> **REQUIRED WORK**
Repeat, word for word, every line from the line holding "Hipshot製ライトウエイ" through the final line of the entries below. Skip all pictures.

> **SUPPLIED RECORDS**
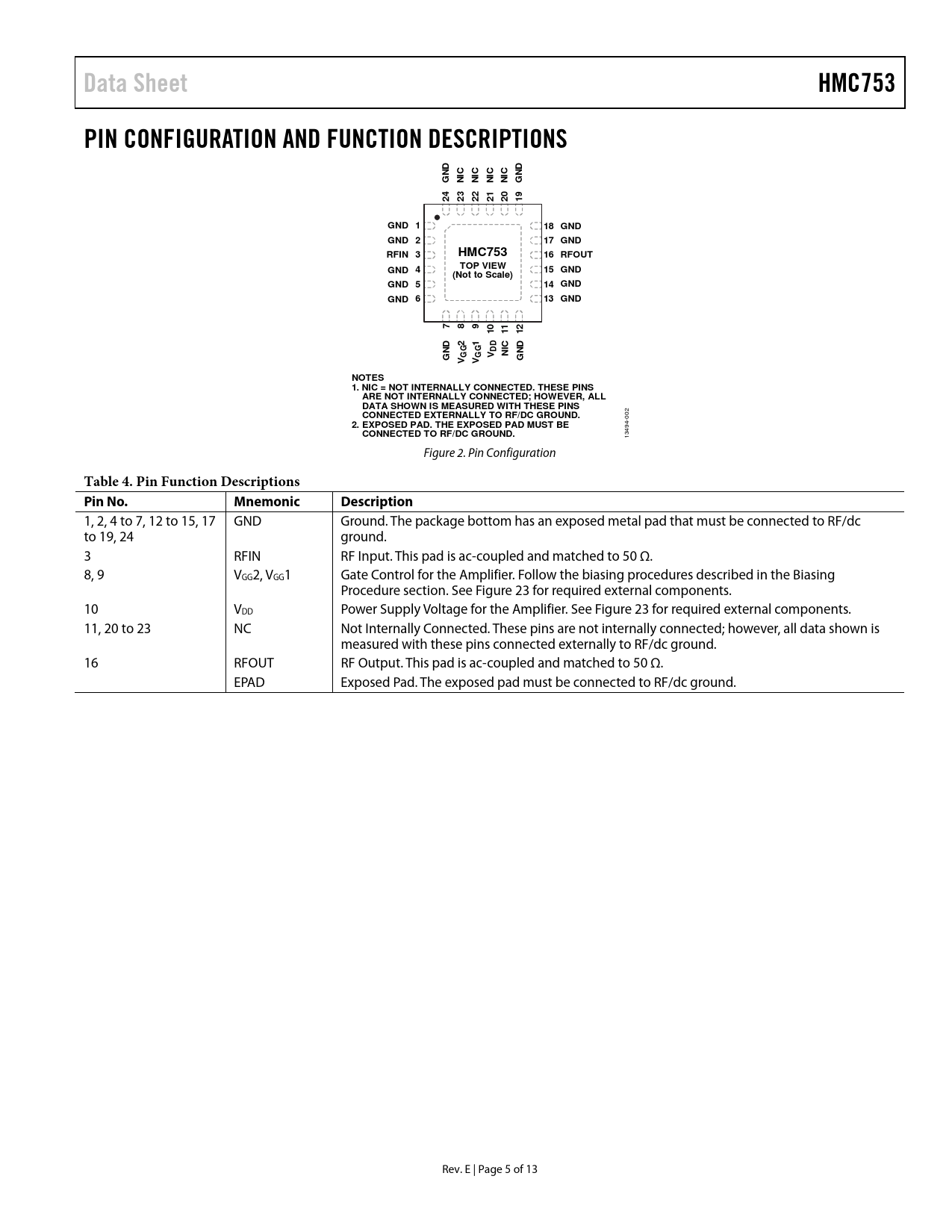 Páginas / Página13 / 5 — Data Sheet. HMC753. PIN CONFIGURATION AND FUNCTION DESCRIPTIONS. GND 1. …
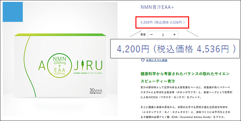※青汁原料とCICA・NMN・EAAの組み合わせとして
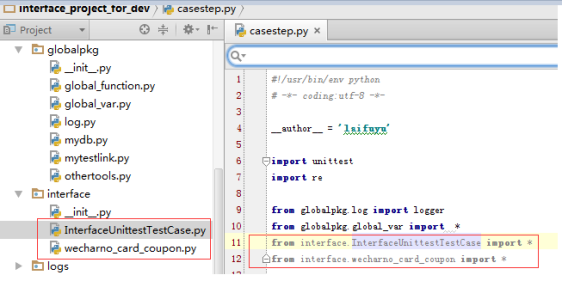 需要注意的是,这里添加的模块及类,需要在casestep.py中导入
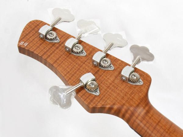 Hipshot製ライトウエイトチューナーに19mm弦ピッチのブリッジ、DiMarzio 5HCピックアップ、オリジナルプリアンプ搭載。
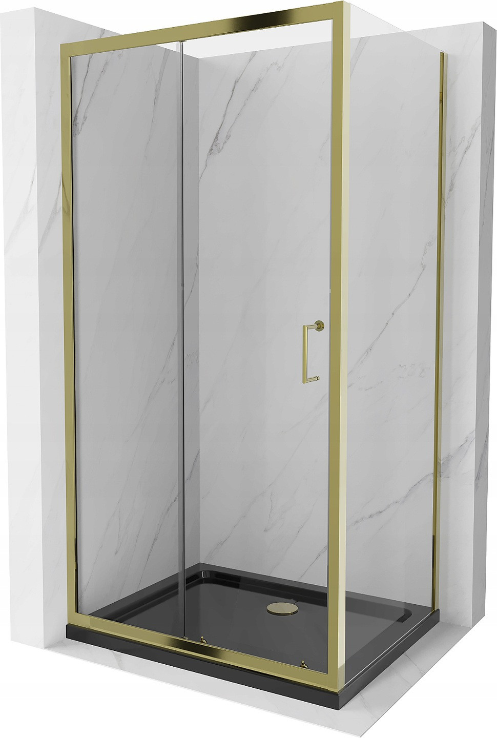 Mexen Apia posuvná sprchová kabina 130 x 70 cm, transparentní, zlatá + sprchová vanička Flat, černá

> **ANSWER**
 Hipshot製ライトウエイトチューナーに19mm弦ピッチのブリッジ、DiMarzio 5HCピックアップ、オリジナルプリアンプ搭載。
 Mexen Apia posuvná sprchová kabina 130 x 70 cm, transparentní, zlatá + sprchová vanička Flat, černá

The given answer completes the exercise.